Here is that letter:
Dear Mr. Thorpe,
I was very moved by your coming out publicly this last weekend as a gay man.  I related to you in a way that I have not with many of the celebrities who have gone public with their sexual orientations.  It is probably strange that I relate as I did because I am not a swimmer or an athlete.  I did not achieve my ultimate dream at 19.
I did live in the darkness of the same closet you did, however.  When you were fifteen, impersonal journalists intruded on you with questions of your sexuality.  When I was fifteen, anonymous schoolmates of mine essentially did the same thing by scrawling “faggot” across my locker.  I believe you and I shared the same mortification over the exposure, and may in some ways, still feel it.
Like you, I found a “friend” in drugs and alcohol and let it sail me into a painless journey through the depressed places within myself.  I however, eventually emerged into a sober recovery.  It sounds like you are doing the same.
This is my thank you to you, as a hero for millions that you have inspired.  Thank you for telling a story that is not made easy from long term support of a family team and circle, as others have done, but for telling one of secrecy, depression and thoughts of suicide.  There are many who share that experience and they need to see and hear the way out of that particular closet, the dark closet, into hope.
This is also what I want to give back to you now too:  hope.  You are fresh into your new open life.   You are new to recovery.  As one who has been there, I want you to know that what lies ahead for you can be spectacular.

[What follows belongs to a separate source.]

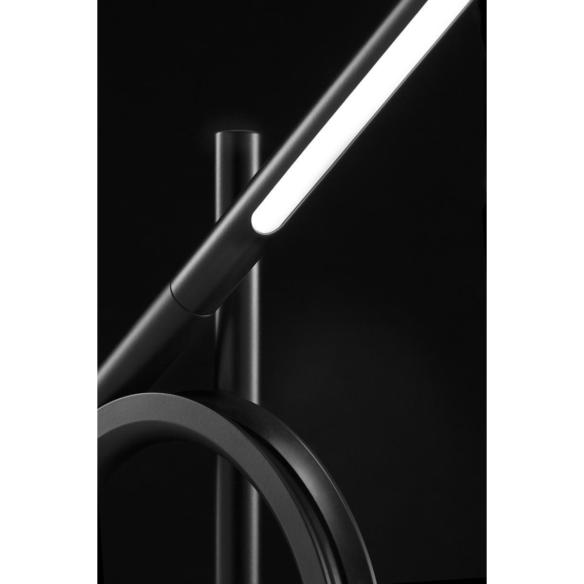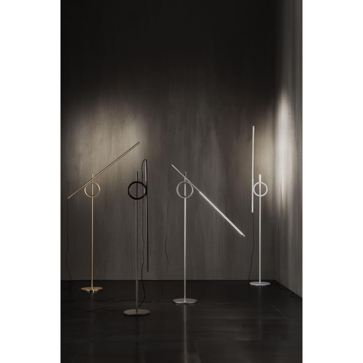 A subtle game of balance. The Tangent lamp presents a minimalist assembly of elementary geometric shapes: a circle and two intersecting straight lines. This large illuminated sculpture is brought to life by graceful movements, a bit like a mobile. The long pendulum arm containing the LED light source is fully movable to precisely direct the lighting. The long, tilting arm can rotate through 365°. Its hi-tech joint holds the arm perfectly stable in any position. Tangent lets you adjust the light as you want: the lighting options are numerous and customisable! You can direct the light however you wish to obtain sometimes direct and sometimes indirect lighting. The diffuser tube is fitted with a sensitive dimmer: simply touch it to change the intensity of the light.

For me, my dream was the love of a family and to become a dad.  I knew that was what life had in store for me when, as part of my recovery process, I walked into a foster care orientation meeting.  I found out that just as drugs and alcohol had threatened my life, there were innocent kids whose lives were being threatened by the drug addiction and alcoholism of their parents.  My recovery could extend further into the actual creation of my family.  Which is exactly what happened.
I am the dad of two eleven year olds, both drug exposed as infants, both healthy and happy, and both aware of your story.  They see in you a hero who no longer hides with secrets and who stays abstinent from his susceptibility to chemical addiction.
I am not suggesting that you run out and get foster care kids of your own, even though if you did eventually, I think those would be damn lucky children.  I am suggesting that you ride the waves of love and life, and take your new found self empowerment with the same discipline as you do with swimming.
Of swimming you said, “I try and listen to what the water is doing, what position the water wants me to be in. And this is where I start from, then, I start to create movement that allows me to swim.”    Take it from this sober, happy and free gay dad.  Your new authentic life is like that water.  Listen to what it’s doing, the position it wants you in.  Now create movement.
One day, like your swimming, that “water” will again wrap a gold medal around your neck.  That medal will have little boy arms.   It will reach up, kiss you good night, and whisper in your ear, “Good night, daddy, I love you.”